- [Problem details]: Write out the listing exactly, from its first line through the line holding "Namizna svetilka Mavran", but include none of the pictures.

- [Source material]:
━━━━━━━━━━━━━━━━━━━━

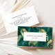 En affärskort med en mönster av barrträd och guld-djungelblad på en tealfébakgrund. Anpassa den med ditt namn och din titel i grått-text för kol i en vit rektangel. Lägg till namn, titel och kontaktinformation på baksidan.
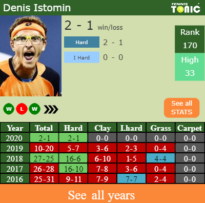 Istomin has a 2-1 win-loss record in 2020, 2-1 on hard (See FULL STATS).
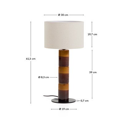 Namizna svetilka Mavran znamke Kave Home se ponaša s podstavkom iz glazirane keramike, ki je sestavljen iz izmeničnih pasov. Njena vitka vertikalna oblika bo dodala dinamiko in osebnost vsakemu prostoru.
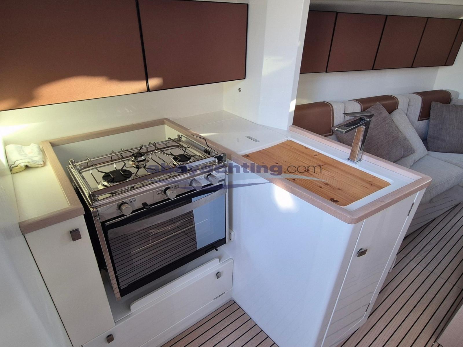 Accessoriata con doppio gioco di vele randa full-batten e fiocco in Norlam + randa e fiocco Quantum-Sail (ex demo), gennaker della North Sails, 6 winch, sprayhood, oblò doppi nelle cabine di poppa (optional), tavolo in pozzetto amovibile, sartiame in tondino ed elettronica della B&G completa di pilota automatico e AIS.
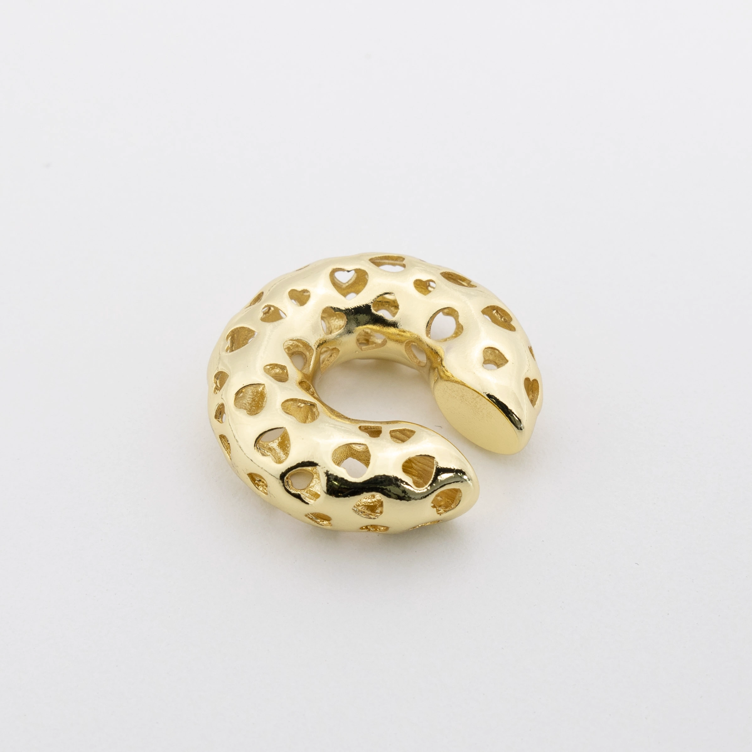 The Big Gold Ear Cuff Hearts From Gold Tree Miami, Plated in 18k Gold. A Perfect Choice for Those Seeking a Unique Accessory and Looking to Add a Sophisticated Touch to Any any Outfit.
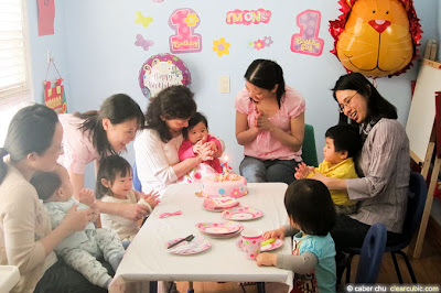This is the birthday girl, nicknamed 小小 (Little Little). I don't remember the real reason for her nickname but she really is very small compared to other children of her age so this nickname suits her perfectly. :) As you can see from the decors on the wall, 小小 turned 1.
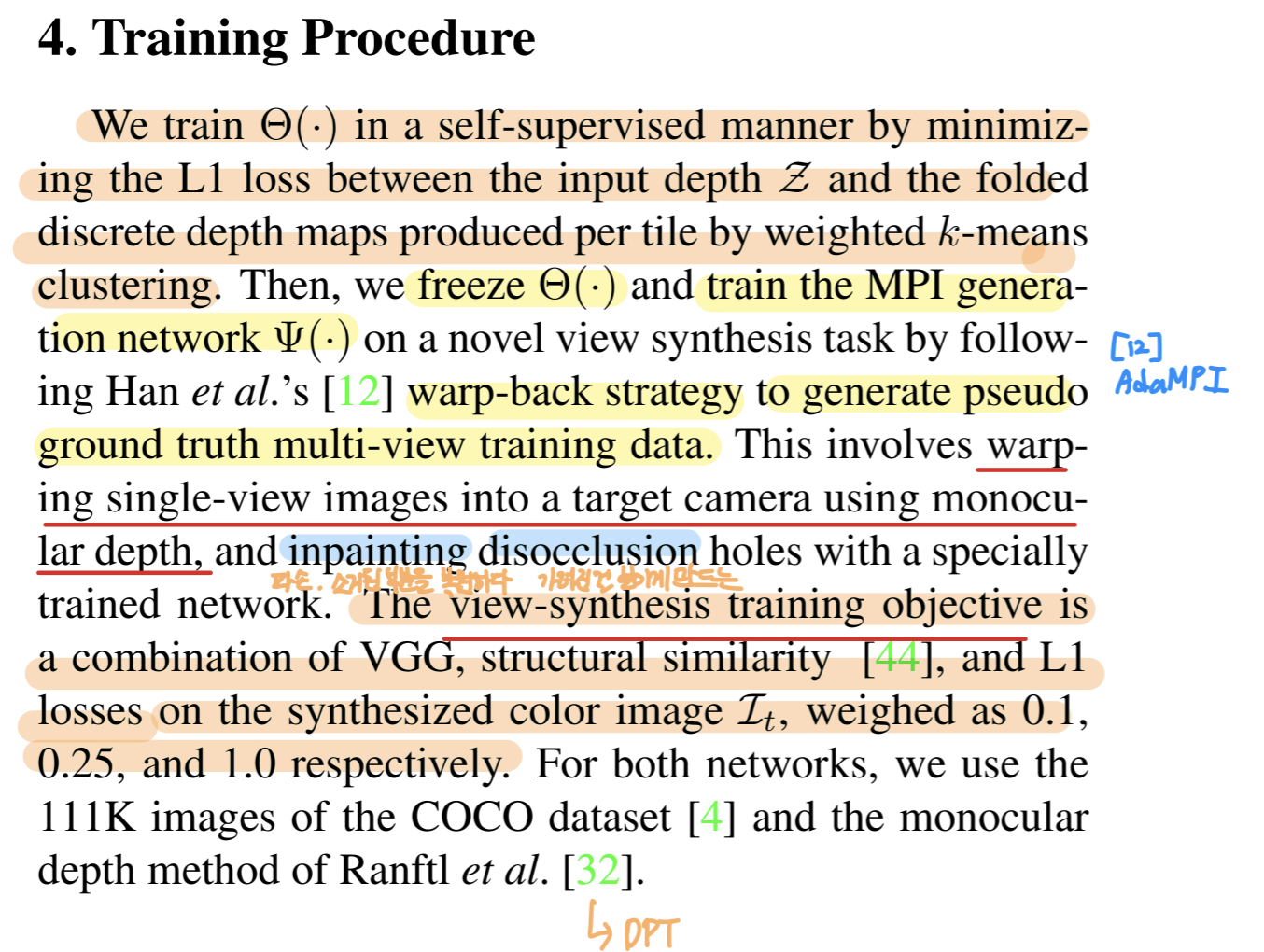 • 학습할 때 Han et al. [12]의 warp-back strategy를 사용하여 pseudo ground truth(가짜 다중 시점 데이터)를 생성

━━━━━━━━━━━━━━━━━━━━

- [Output]:
 En affärskort med en mönster av barrträd och guld-djungelblad på en tealfébakgrund. Anpassa den med ditt namn och din titel i grått-text för kol i en vit rektangel. Lägg till namn, titel och kontaktinformation på baksidan.
 Istomin has a 2-1 win-loss record in 2020, 2-1 on hard (See FULL STATS).
 Namizna svetilka Mavran znamke Kave Home se ponaša s podstavkom iz glazirane keramike, ki je sestavljen iz izmeničnih pasov. Njena vitka vertikalna oblika bo dodala dinamiko in osebnost vsakemu prostoru.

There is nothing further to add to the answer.